- DATA BLOCK
----

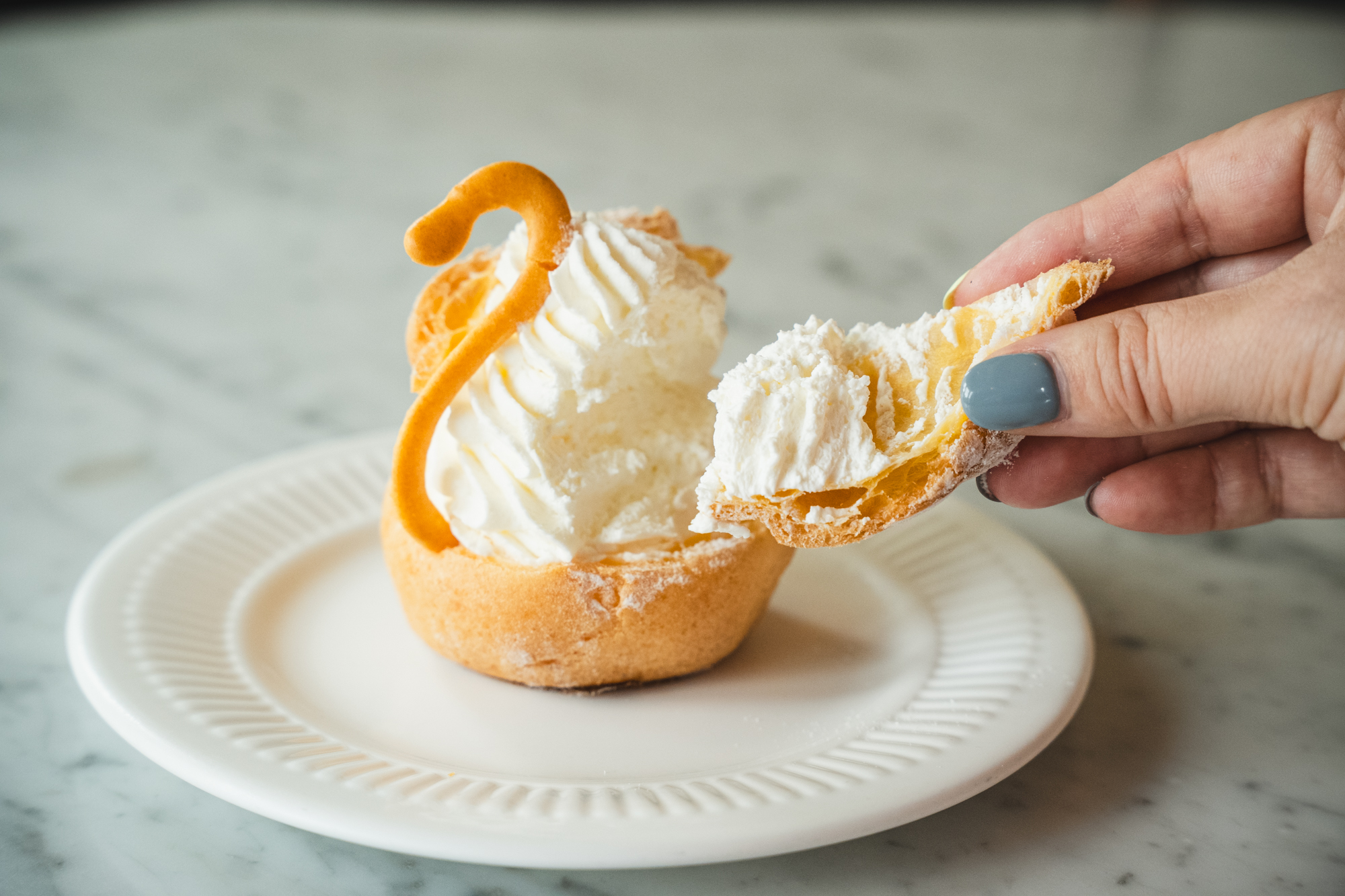 一般的なシュークリームはカスタードクリームを使うことが多いですが、スワンシューはホイップのみ。乳脂肪分のパーセンテージが違う生クリームを4種類ブレンドし、軽い口当たりでミルク感がしっかりとした味わいに仕上げています。そのため、見た目よりもすっきりとした甘さに。
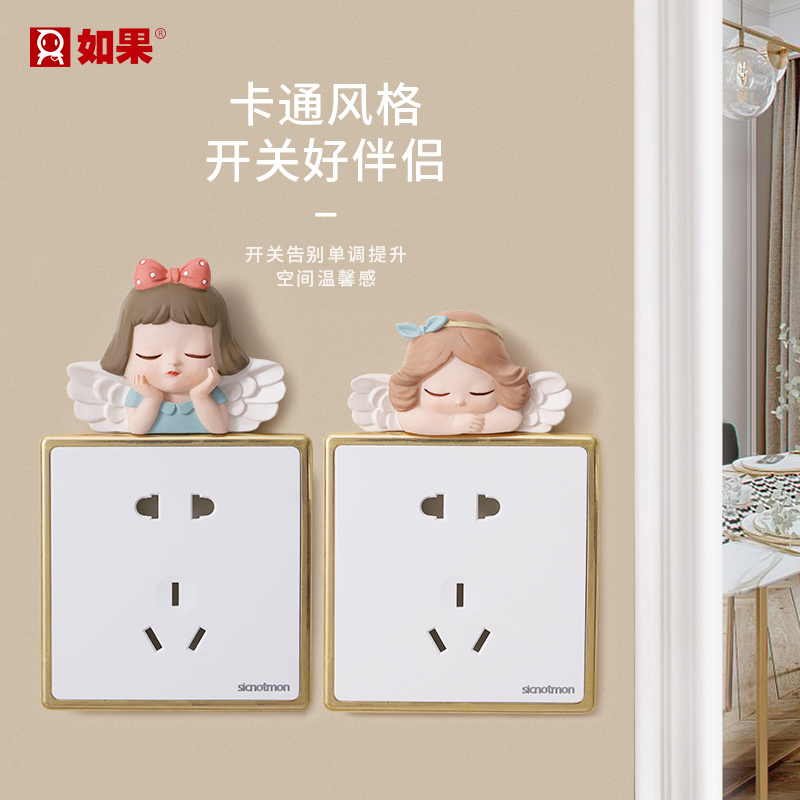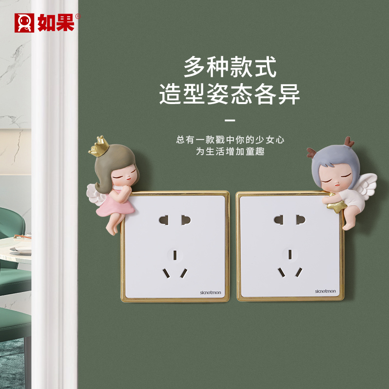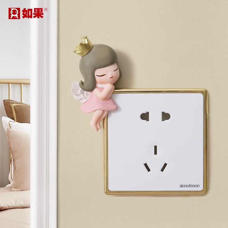 Cute little girl home room wall decoration children's room wall decoration resin switch sticker three-dimensional socket sticker
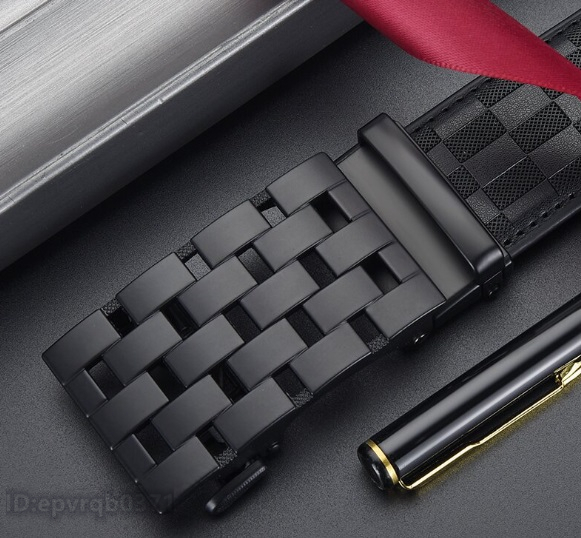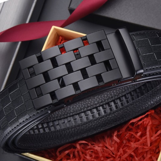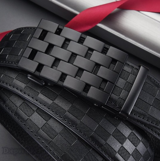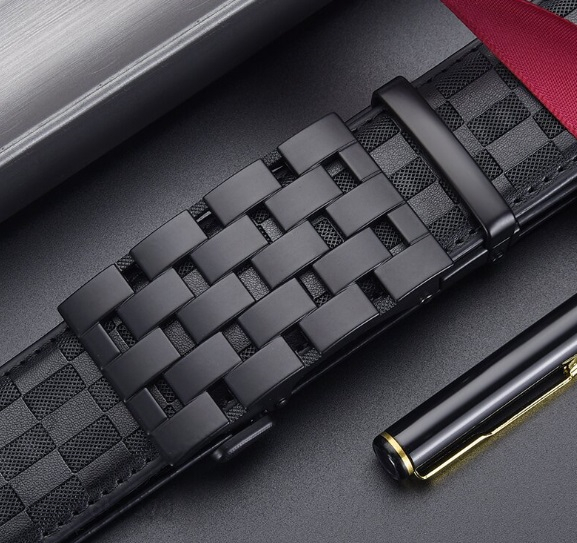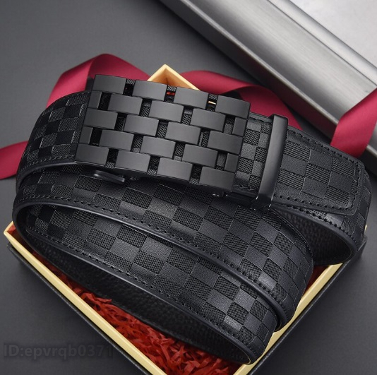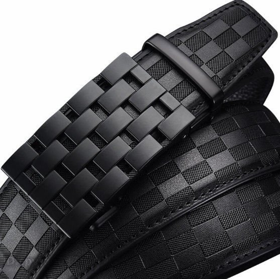 レザーベルト 新入荷 メンズベルト 本革牛革 オートロック式 金属バッ クル チェック柄 幅3.5センチ 紳士用 長さ調整可能 /黒

----

- INSTRUCTIONS FOR THE TASK
Would you return the whole listing above exactly as written, skipping any image?

- EXPECTED OUTPUT
 一般的なシュークリームはカスタードクリームを使うことが多いですが、スワンシューはホイップのみ。乳脂肪分のパーセンテージが違う生クリームを4種類ブレンドし、軽い口当たりでミルク感がしっかりとした味わいに仕上げています。そのため、見た目よりもすっきりとした甘さに。
 Cute little girl home room wall decoration children's room wall decoration resin switch sticker three-dimensional socket sticker
 レザーベルト 新入荷 メンズベルト 本革牛革 オートロック式 金属バッ クル チェック柄 幅3.5センチ 紳士用 長さ調整可能 /黒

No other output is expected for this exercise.